Cecilia was sentenced to die by suffocation. She was locked in the baths of her own house and expected to die from the steam. When the executioners opened the doors, she was still very much alive. They then attempted to behead her. After three chops with the axe, she was still alive. Word spread throughout the city and for the next three days people came from all over to see her. As she lie on the floor dying, she preached the Gospel and sang hymns, helping to give her the title of patron saint of musicians. Pope Urban came to visit her on the third day. She gave him her house for worship and then died.
Her house was dedicated as Titulus Ceciliae, and is one of the original twenty-five parish churches of Rome. A small sanctuary was built over the site of her death. At her request, she was buried in the San Callisto Catacombs.

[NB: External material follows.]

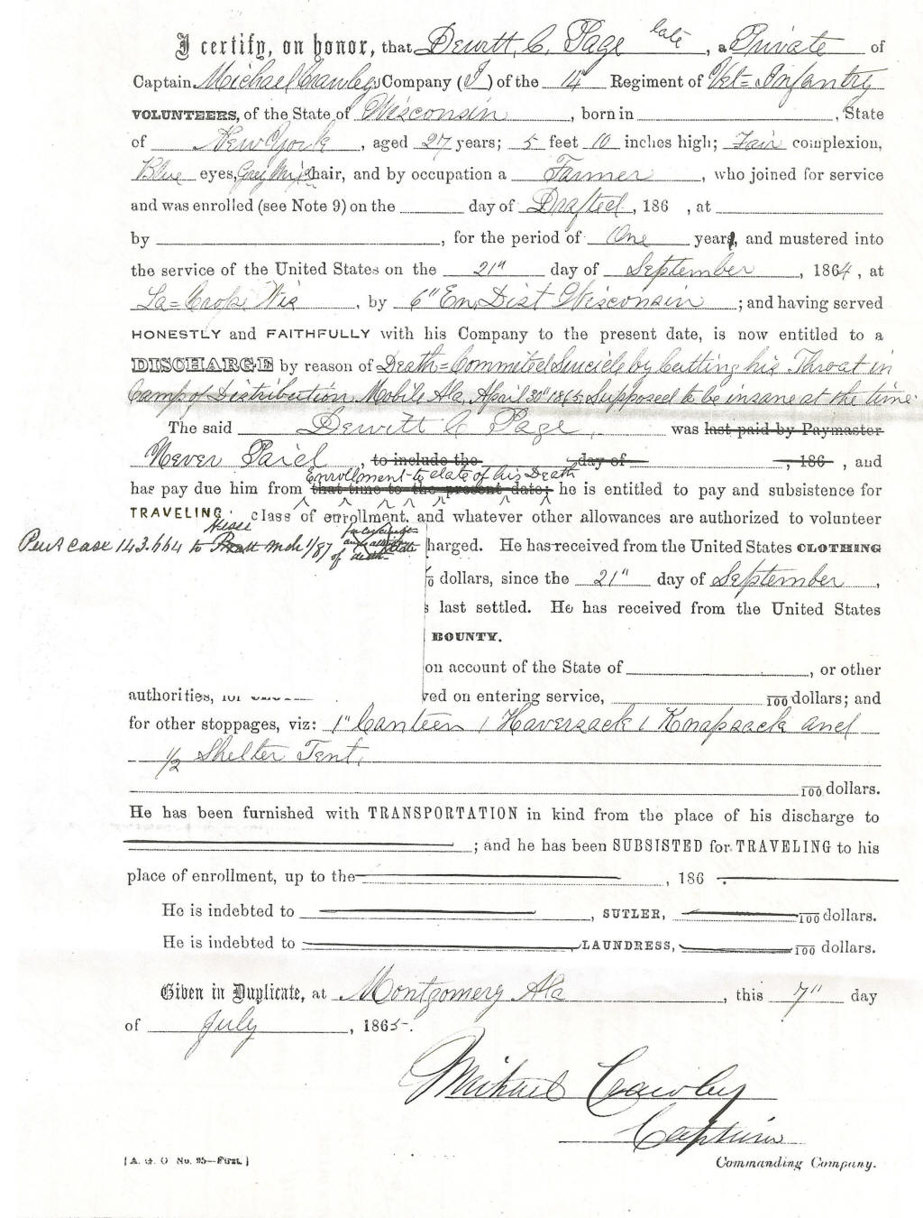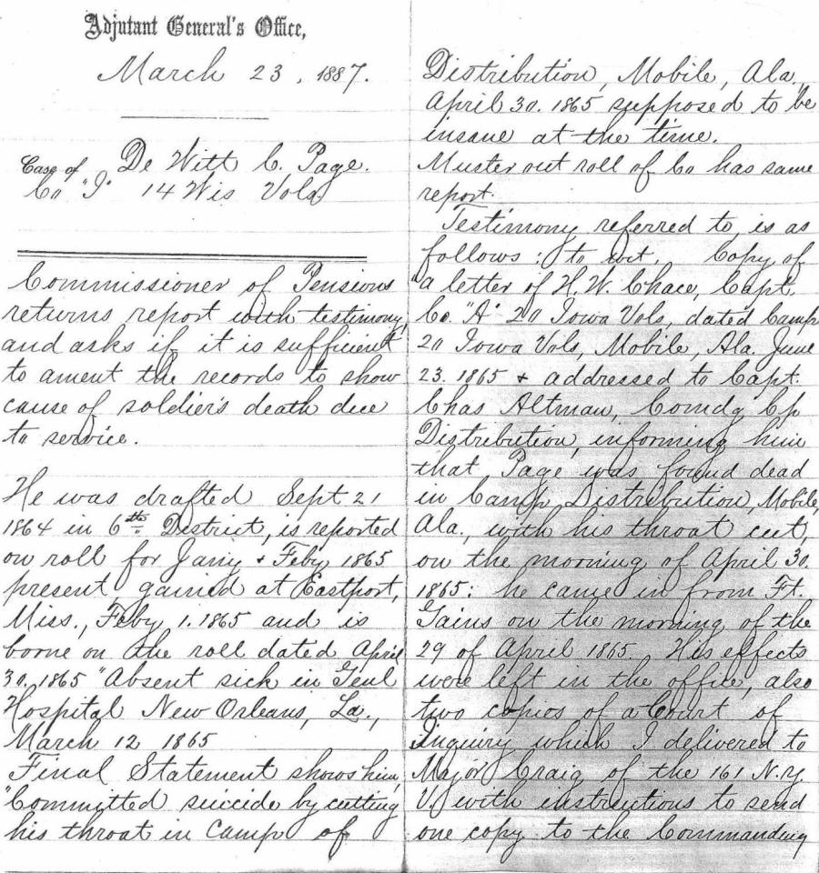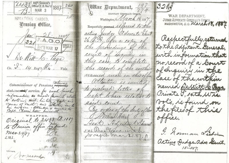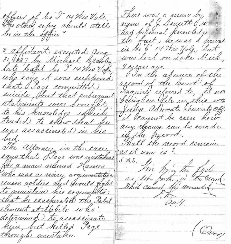 late Captain of Co. "I", 14th Wis. Vols., who said it was supposed that Page

Nearly six hundred years past until Pope Paschal set out to find her tomb and transfer her remains to this church. The catacombs were being abandoned and he was working to transfer the bodies into the churches of Rome. He was having trouble finding Saint Cecilia and it wasn’t until her location appeared to him in a dream that he was able to recover her body. When he located her tomb, he found that her body was still intact. He brought her back into Rome and buried her in the new church he had built over her home.
In 1599 her tomb was opened once again, she was still incorrupt. The sculptor Stefano Maderno was commissioned to sculpt in marble what God had preserved. Under the main altar is the beautiful sculpture of Saint Cecilia. Lying on her side, she has her head turned back displaying the gash in her neck, her right hand holding up three fingers, her left hand one. Even from the grave she is preaching to us. She’s telling us ‘three persons, one God’. An inscription on the floor from the artist tells us this is exactly as she looked when he saw her.
In the apse is a mosaic commissioned by Pope Paschal. It depicts the Pope holding a model of the church he just built. As we saw inside Santa Maria in Domnica, the pope has a blue square halo indicating that he was alive during the creation of this mosaic.
The relics of Saint Cecilia, her husband, Saint Valerian, his brother, Saint Tiburtius, Saint Maximus, Pope Saint Lucius and Pope Saint Urban and all here at Santa Cecilia.